Der weit verbreitete Irrtum, ein Jahr lang geschützt zu sein, kommt aber nicht von ungefähr. Die einschlägige Vorschrift aus § 613a BGB nennt in der Tat eine Jahresfrist. Dabei geht es allerdings nicht um den Kündigungsschutz. Es handelt sich vielmehr um eine sog. Veränderungssperre, die ausschließlich Kollektivvereinbarungen betrifft.

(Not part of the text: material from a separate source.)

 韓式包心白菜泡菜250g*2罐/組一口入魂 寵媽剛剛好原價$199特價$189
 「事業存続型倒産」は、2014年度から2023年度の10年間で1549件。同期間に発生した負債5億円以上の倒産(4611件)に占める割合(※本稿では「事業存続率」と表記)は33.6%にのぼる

Zur Erklärung: Bei einem Betriebsübergang geht der Arbeitsvertrag „so wie er ist“ auf den Erwerber über (§ 613a Abs. 1 Satz 1 BGB). In der Praxis ist Vieles aber nicht im Arbeitsvertrag geregelt. So gibt es daneben oft kollektive Vereinbarungen, die das Verhältnis zwischen Arbeitnehmer und Arbeitgeber betreffen.

Beispiel 1: In einer Betriebsvereinbarung mit dem Betriebsrat verpflichtet sich der Arbeitgeber, gesundes Essen zu günstigen Preisen in der Kantine anzubieten (§ 87 Abs. 1 Nr. 8 BetrVG). Im Betrieb des Erwerbers gibt es aber keinen Betriebsrat.

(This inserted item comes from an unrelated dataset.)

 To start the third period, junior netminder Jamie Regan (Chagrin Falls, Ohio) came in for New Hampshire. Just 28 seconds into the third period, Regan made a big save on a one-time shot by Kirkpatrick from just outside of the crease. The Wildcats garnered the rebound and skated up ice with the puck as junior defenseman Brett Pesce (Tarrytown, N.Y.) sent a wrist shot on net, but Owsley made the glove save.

Beispiel 2: Eine Tarifvereinbarung zwischen Arbeitgeberverband und Gewerkschaft regelt die Höhe des Entgelts und die Länge der Arbeitszeit für eine bestimmte Branche (§ 1 TVG). Das Unternehmen des Erwerbers unterliegt aber nicht dieser Tarifbindung.

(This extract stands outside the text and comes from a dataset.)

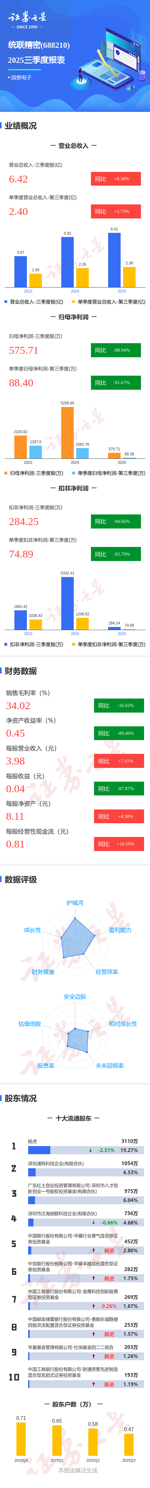 图解统联精密三季报:第三季度单季净利润同比下降91.67%

Was passiert nun mit diesen kollektiven Vereinbarungen? Zum Schutz der Arbeitnehmer werden die Rechte und Pflichten aus diesen Vereinbarungen Teil des Arbeitsvertrags und gehen auf den Erwerber über. Nur für diese Vereinbarungen gilt die einjährige Veränderungssperre, d.h. sie dürfen nicht zulasten des Arbeitnehmers geändert werden (§ 613a Abs. 1 Satz 2 und 3 BGB).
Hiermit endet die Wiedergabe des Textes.